**Provided data:**
* * * *

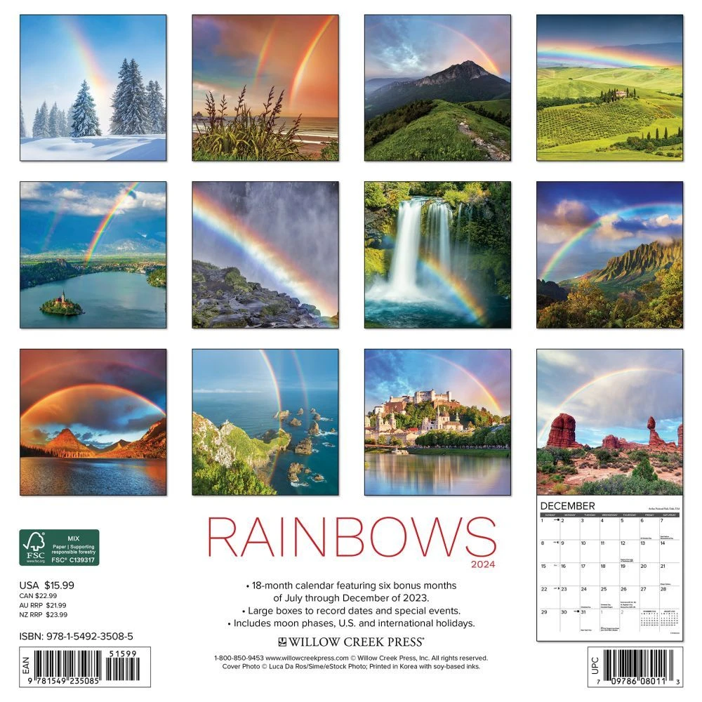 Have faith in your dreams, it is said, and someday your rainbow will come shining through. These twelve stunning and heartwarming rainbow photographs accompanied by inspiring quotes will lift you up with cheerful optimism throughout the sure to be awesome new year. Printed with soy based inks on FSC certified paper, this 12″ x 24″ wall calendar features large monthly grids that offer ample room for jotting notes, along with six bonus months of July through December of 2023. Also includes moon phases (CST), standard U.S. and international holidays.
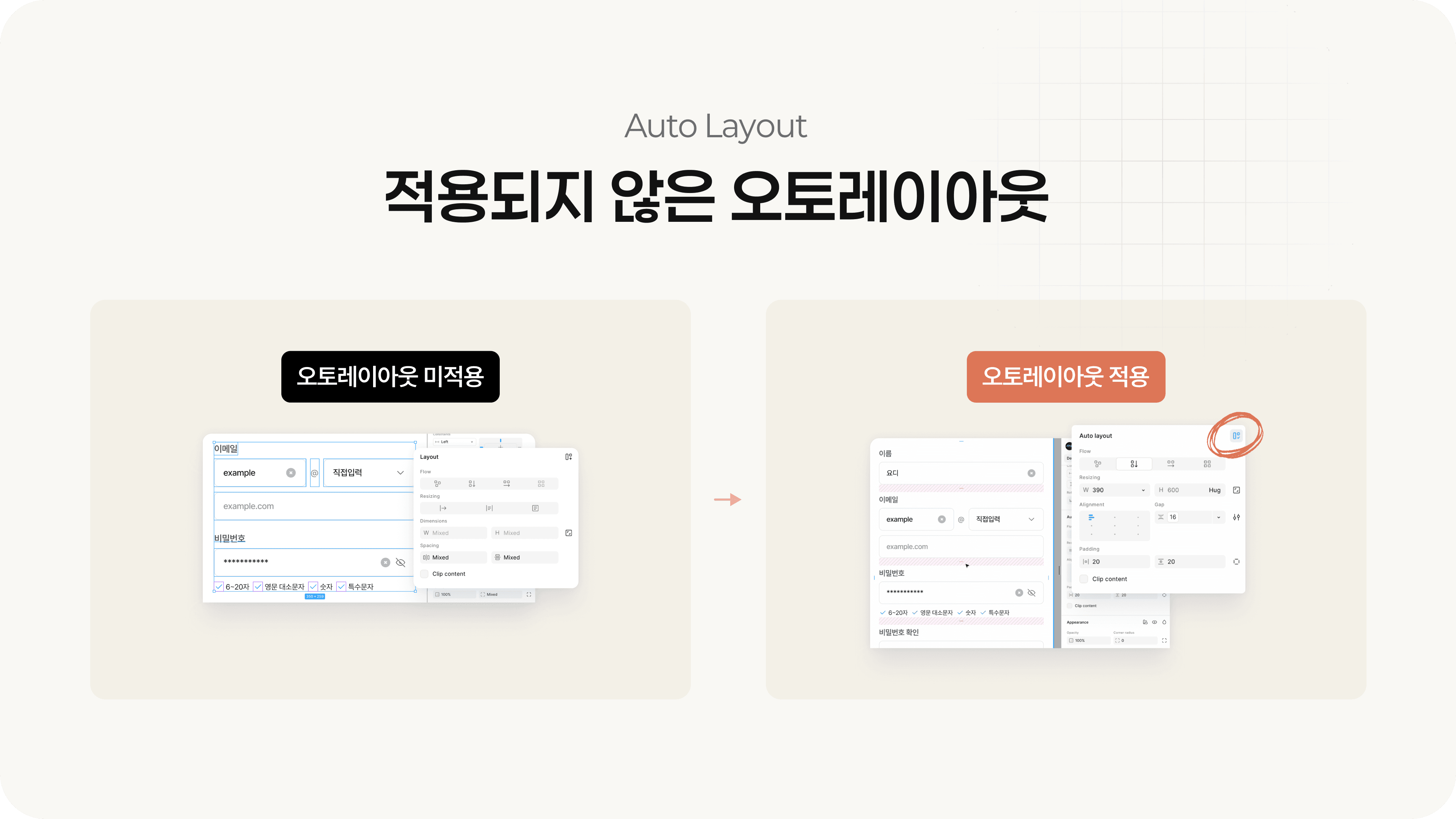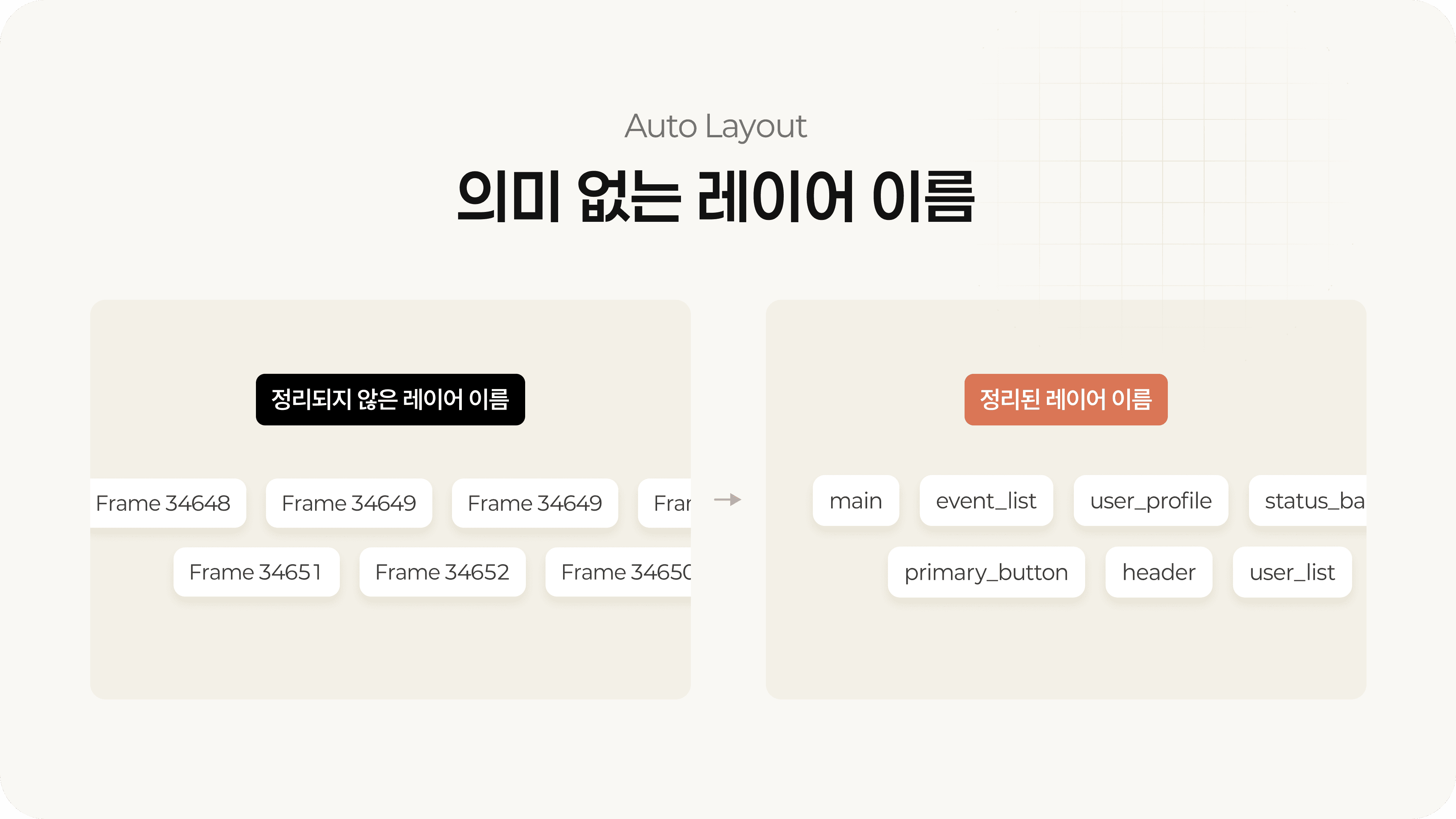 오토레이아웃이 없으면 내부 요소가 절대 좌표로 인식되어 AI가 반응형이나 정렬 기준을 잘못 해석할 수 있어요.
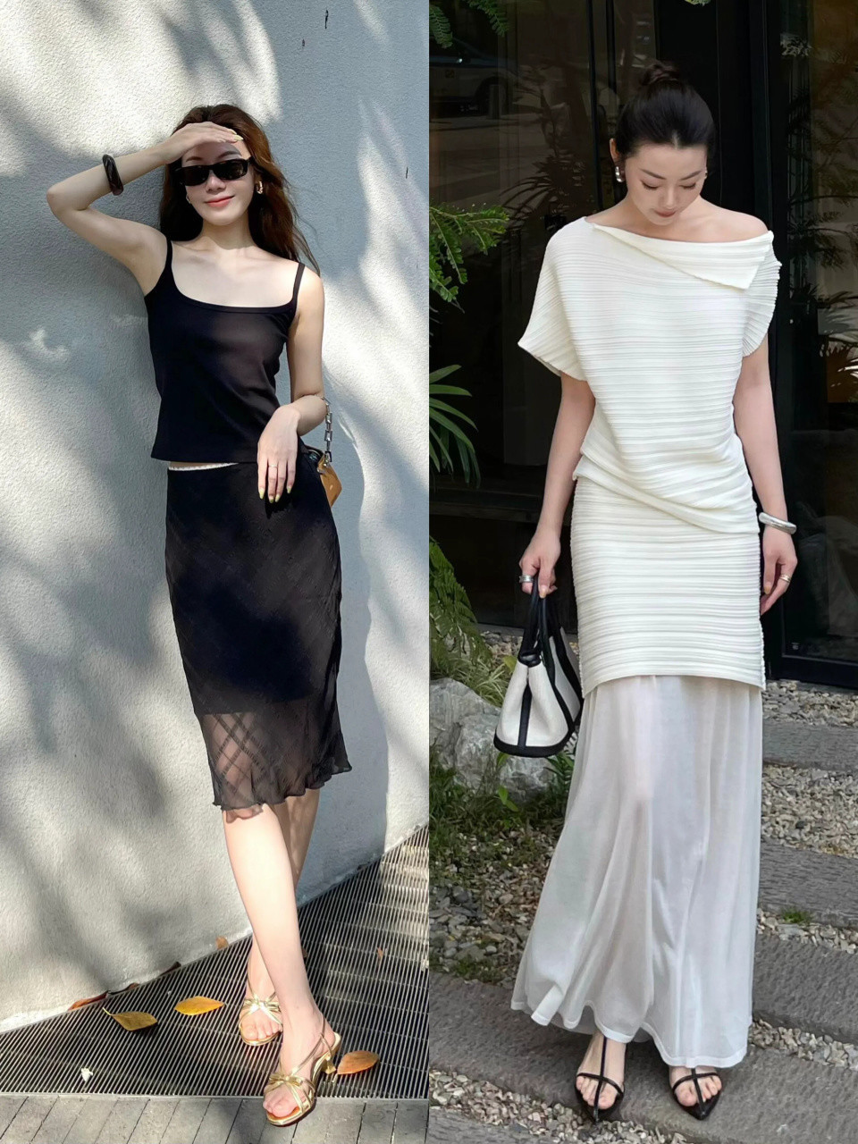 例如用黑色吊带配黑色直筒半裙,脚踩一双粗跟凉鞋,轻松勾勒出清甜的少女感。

* * * *

**What the task asks:** Starting with the line that holds "오토레이아웃이 없으면 내부", transcribe exactly each line through the last one of the material above, and nothing else. Do not include pictures.

**Answer space:**
 오토레이아웃이 없으면 내부 요소가 절대 좌표로 인식되어 AI가 반응형이나 정렬 기준을 잘못 해석할 수 있어요.
 例如用黑色吊带配黑色直筒半裙,脚踩一双粗跟凉鞋,轻松勾勒出清甜的少女感。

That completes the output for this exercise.